Photo credits: Action Education Laos / Pascale THEOPHILE
7 April 2023 marks World Health Day and the 75th anniversary of theème anniversary of the World Health Organisation (WHO). The theme of the day is "Health for All", to highlight the need for equal access to nutrition and health services for all. This is an opportunity for Action Education to highlight the importance of nutrition for quality education.
The interdependence between education, nutrition and health
There is a well-documented interdependence between education, nutrition and health. According to a WHO report, as early as 1950, it was found that The study found that "nutritional deficiencies and poor health of primary school-age children was one of the causes of low enrolment, high absenteeism, early dropout and poor school performance ". Nutritional deficiencies (in iron, vitamin A, iodine, etc.) affect attendance, attention in class and learning. We see this in practice in our work: a child or young person who is hungry does not learn well! A healthy diet in sufficient quantity is essential for learning and development. There is also a direct effect in the other direction: without quality education, children are less likely to be healthy. Education and nutrition are two key elements for human development.
Investments still insufficient
Good nutrition, health and education are not only basic rights but also an investment in development. Nutritious school meals increase enrolment by an average of 9 % and attendance by 8 %. The presence of school nutrition and health services encourages children to come to school and stay in school. A recent report shows a significant return on investment at the country level: school feeding programmes generate $9 for every $1 invested, for example.
While nine out of ten countries invest in school nutrition and health programmes, 73 million children The number of people affected by hunger in the world is increasing again and it is now estimated that 149 million children under 5 years of age are stunted in growth and development due to a lack of essential nutrients.
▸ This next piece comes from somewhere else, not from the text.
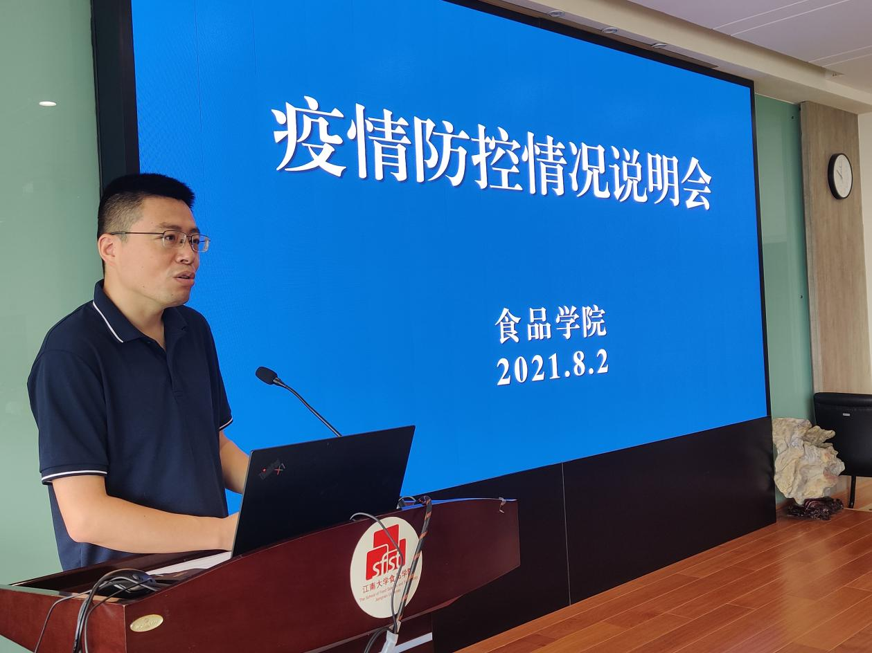 8月2日,食品学院于D912召开留校学生疫情防控工作交流座谈会。活动由学院党委副书记魏珍吉主讲,分团委书记朱伟、辅导员杨光宝、11个研究中心的50余名研究生代表参加。

The number of people affected by hunger in the world is rising again and it is now estimated that 149 million children under the age of 5 are stunted in growth and development due to a lack of essential nutrients in their diet.
Stunting can cause long-term damage that extends well beyond childhood, including impaired learning ability, poor school performance, and reduced productivity and earnings in adulthood.
Food and nutrition education in schools: a major health issue
In many parts of the world, students depend on school to provide at least one balanced meal a day. At the height of the COVID-19 crisis, school closures led to increased hunger for hundreds of millions of students, with a negative impact on their nutrition.
Schools are also a key place to improve nutrition and promote child developments. Schoolchildren are at an age when their eating habits are being formed. Teachers can convey the right messages, using methods that facilitate the assimilation of knowledge (games, demonstrations, etc.). School curricula can include courses on nutrition and horticulture, which can help increase local food production and the availability of healthy food.
But food and nutrition education is not just about delivering messages. We believe it is important to involve children in instructive experiences, both in and out of school. These initiatives can enable children and their communities to become real actors of change in the local food environment. The involvement of all stakeholders in the school (children, parents, communities, teachers, farmers, etc.) can reach a wider audience. School gardens, in particular, are an excellent way to teach students good eating habits and environmental awareness. These gardens also help to build social links between students, families and local communities.
Some of Action Education's actions in favour of food education in schools
Action Education, through its programmes, is increasingly developing food and nutrition education in schools. Here are some examples:
- In Burkina FasoThe school gardens set up under a former project (Support to Schooling and Health Development) are now entirely managed by the communities, so that the nutritional and educational benefits are sustainable. For the headmaster of the Obdaga school, the sustainability of the school garden is important for two reasons: "On the one hand, it enriches the canteen meal with vegetables and on the other hand, it plays an educational role by serving as a practical case for the agriculture course".
- Laos:In Africa, nearly a third of children under the age of five are stunted due to malnutrition. Some of our projects provide nutritious meals to students from low-income households and teach parents and communities how to prepare complete and varied meals from local ingredients. School meals motivate students to attend school more and improve their learning outcomes. We also promote school gardens where children can grow their own vegetables and learn more about nutrition.
- In Vietnam,We are implementing several nutrition programmes, especially in areas with high poverty and malnutrition rates. After participating in a programme in Da Bac district, Ms. Loan says: "Cooking nutritious meals is no longer difficult and expensive, because the ingredients are easy to find in my village. Now I like to cook a variety of dishes. My family, especially my daughter, likes to eat them. As a result, she is healthier and her school performance is improving.